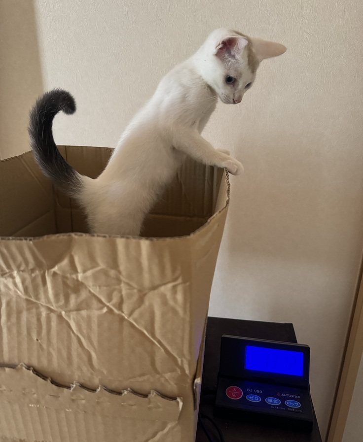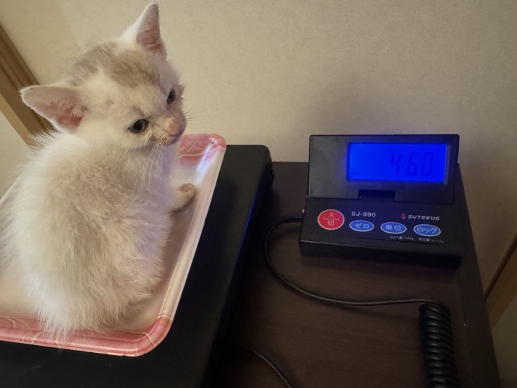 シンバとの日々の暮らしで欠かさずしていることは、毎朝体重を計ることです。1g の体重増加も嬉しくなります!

* * *

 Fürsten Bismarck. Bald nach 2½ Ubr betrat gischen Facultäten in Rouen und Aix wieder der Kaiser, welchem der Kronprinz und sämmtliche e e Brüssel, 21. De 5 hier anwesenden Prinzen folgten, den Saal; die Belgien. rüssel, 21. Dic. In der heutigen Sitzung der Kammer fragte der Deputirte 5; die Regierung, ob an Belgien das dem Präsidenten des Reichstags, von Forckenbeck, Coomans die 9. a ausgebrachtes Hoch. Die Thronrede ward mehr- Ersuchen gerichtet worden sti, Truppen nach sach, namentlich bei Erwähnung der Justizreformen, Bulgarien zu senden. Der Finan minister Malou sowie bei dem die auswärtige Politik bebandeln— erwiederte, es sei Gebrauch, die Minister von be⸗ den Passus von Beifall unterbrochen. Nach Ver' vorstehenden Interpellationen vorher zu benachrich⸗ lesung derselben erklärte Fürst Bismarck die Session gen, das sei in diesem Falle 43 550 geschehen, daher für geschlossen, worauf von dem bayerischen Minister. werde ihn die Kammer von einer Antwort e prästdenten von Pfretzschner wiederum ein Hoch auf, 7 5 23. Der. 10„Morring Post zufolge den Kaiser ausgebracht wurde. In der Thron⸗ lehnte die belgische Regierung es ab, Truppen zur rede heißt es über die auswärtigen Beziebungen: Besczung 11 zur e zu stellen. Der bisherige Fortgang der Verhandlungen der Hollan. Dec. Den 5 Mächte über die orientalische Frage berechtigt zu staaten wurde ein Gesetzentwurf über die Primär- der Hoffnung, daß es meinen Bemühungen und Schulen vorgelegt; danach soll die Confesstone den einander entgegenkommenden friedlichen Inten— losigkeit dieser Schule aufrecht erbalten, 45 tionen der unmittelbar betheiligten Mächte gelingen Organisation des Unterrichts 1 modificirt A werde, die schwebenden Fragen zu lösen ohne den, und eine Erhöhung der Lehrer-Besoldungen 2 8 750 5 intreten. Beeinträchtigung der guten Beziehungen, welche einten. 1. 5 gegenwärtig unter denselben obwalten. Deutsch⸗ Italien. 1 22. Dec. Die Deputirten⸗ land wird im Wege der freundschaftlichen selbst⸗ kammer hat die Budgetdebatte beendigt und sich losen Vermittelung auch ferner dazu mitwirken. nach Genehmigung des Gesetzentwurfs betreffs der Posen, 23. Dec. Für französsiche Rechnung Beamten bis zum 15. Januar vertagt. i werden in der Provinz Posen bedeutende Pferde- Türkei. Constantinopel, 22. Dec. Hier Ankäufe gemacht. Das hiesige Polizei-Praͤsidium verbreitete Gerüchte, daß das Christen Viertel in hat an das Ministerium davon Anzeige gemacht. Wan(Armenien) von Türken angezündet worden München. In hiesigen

---

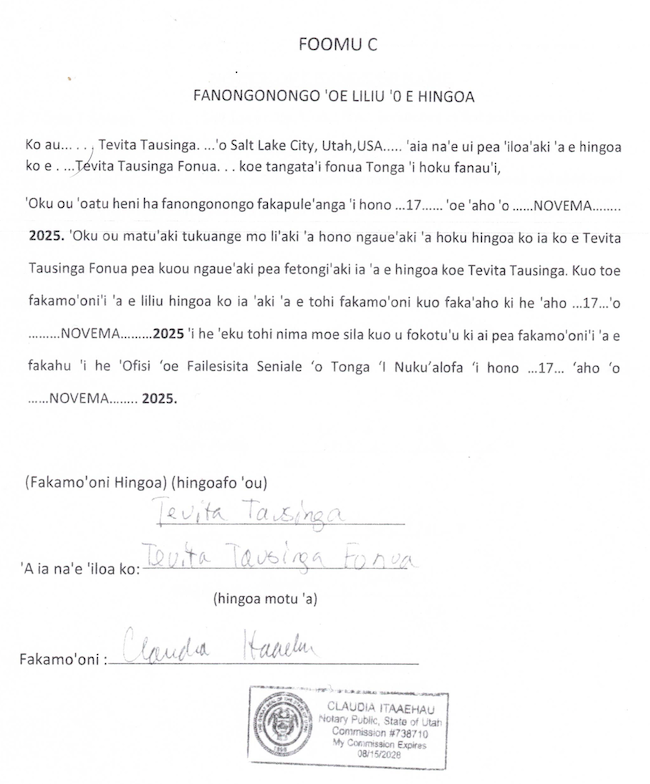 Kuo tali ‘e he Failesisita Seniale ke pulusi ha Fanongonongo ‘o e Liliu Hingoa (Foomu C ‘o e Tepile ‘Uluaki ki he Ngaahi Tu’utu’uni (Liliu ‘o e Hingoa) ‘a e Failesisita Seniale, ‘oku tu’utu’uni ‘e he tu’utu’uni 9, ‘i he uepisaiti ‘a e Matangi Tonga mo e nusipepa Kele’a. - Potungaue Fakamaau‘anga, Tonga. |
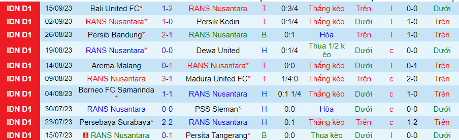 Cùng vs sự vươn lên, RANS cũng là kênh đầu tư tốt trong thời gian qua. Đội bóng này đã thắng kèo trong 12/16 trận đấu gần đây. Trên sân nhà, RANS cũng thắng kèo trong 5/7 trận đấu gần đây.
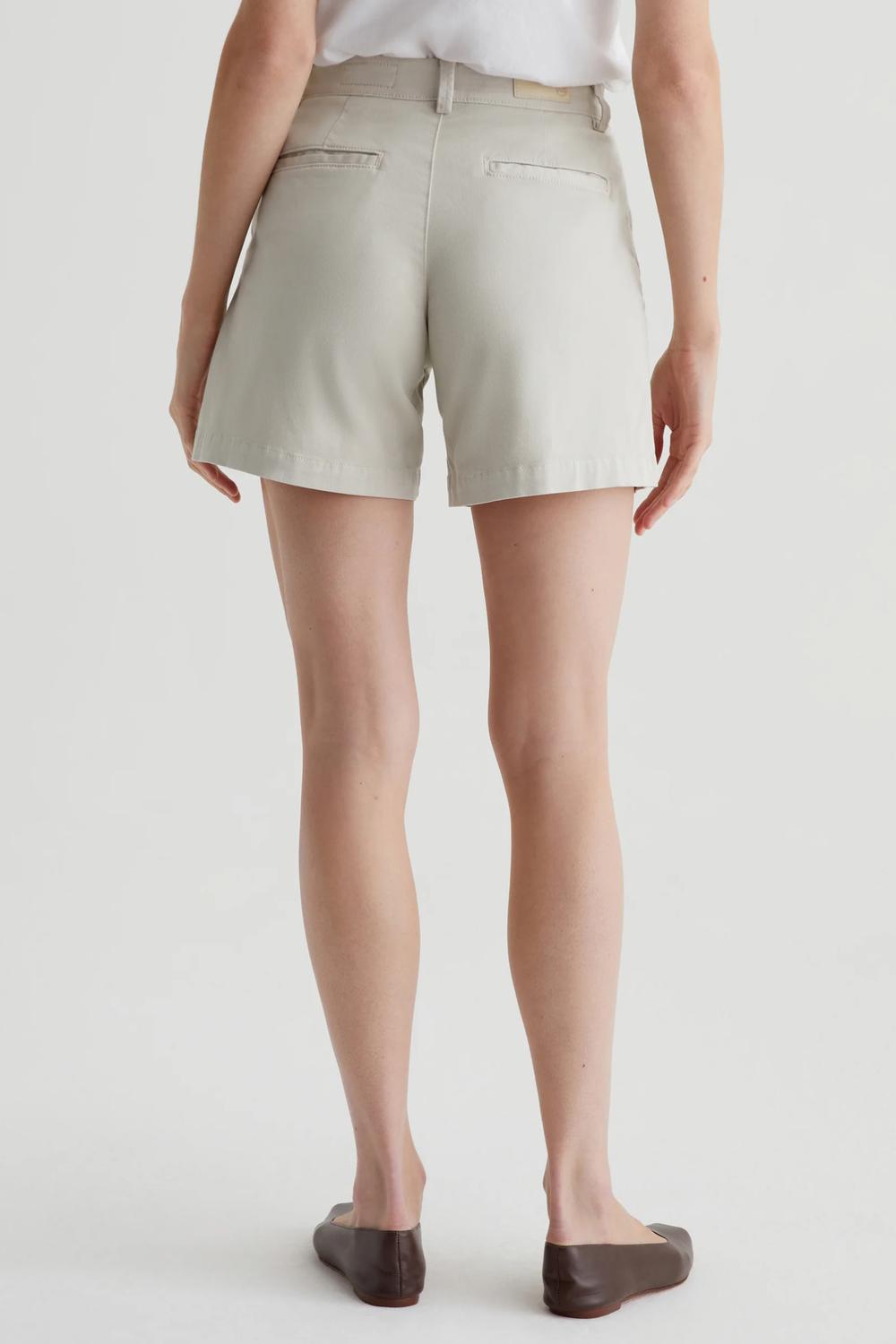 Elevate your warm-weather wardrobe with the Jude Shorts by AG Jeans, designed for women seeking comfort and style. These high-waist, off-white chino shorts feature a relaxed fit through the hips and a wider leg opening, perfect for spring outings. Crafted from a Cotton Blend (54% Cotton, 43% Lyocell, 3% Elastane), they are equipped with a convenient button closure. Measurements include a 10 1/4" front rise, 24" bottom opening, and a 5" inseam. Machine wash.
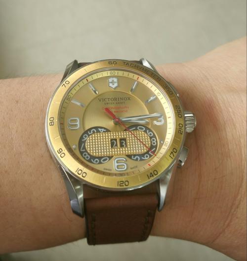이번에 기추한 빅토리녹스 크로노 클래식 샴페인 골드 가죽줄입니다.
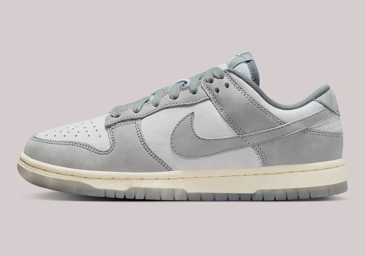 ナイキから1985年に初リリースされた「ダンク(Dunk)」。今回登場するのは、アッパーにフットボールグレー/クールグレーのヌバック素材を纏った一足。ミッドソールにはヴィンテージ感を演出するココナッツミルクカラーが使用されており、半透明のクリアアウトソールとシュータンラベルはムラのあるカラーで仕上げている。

» Assignment: After locating the line containing "Kuo tali ‘e" in the entries above, return it and every line after it exactly, ending at the line containing "ナイキから1985年に初リリ", without pictures.

» Task result:
 Kuo tali ‘e he Failesisita Seniale ke pulusi ha Fanongonongo ‘o e Liliu Hingoa (Foomu C ‘o e Tepile ‘Uluaki ki he Ngaahi Tu’utu’uni (Liliu ‘o e Hingoa) ‘a e Failesisita Seniale, ‘oku tu’utu’uni ‘e he tu’utu’uni 9, ‘i he uepisaiti ‘a e Matangi Tonga mo e nusipepa Kele’a. - Potungaue Fakamaau‘anga, Tonga. |
 Cùng vs sự vươn lên, RANS cũng là kênh đầu tư tốt trong thời gian qua. Đội bóng này đã thắng kèo trong 12/16 trận đấu gần đây. Trên sân nhà, RANS cũng thắng kèo trong 5/7 trận đấu gần đây.
 Elevate your warm-weather wardrobe with the Jude Shorts by AG Jeans, designed for women seeking comfort and style. These high-waist, off-white chino shorts feature a relaxed fit through the hips and a wider leg opening, perfect for spring outings. Crafted from a Cotton Blend (54% Cotton, 43% Lyocell, 3% Elastane), they are equipped with a convenient button closure. Measurements include a 10 1/4" front rise, 24" bottom opening, and a 5" inseam. Machine wash.
이번에 기추한 빅토리녹스 크로노 클래식 샴페인 골드 가죽줄입니다.
 ナイキから1985年に初リリースされた「ダンク(Dunk)」。今回登場するのは、アッパーにフットボールグレー/クールグレーのヌバック素材を纏った一足。ミッドソールにはヴィンテージ感を演出するココナッツミルクカラーが使用されており、半透明のクリアアウトソールとシュータンラベルはムラのあるカラーで仕上げている。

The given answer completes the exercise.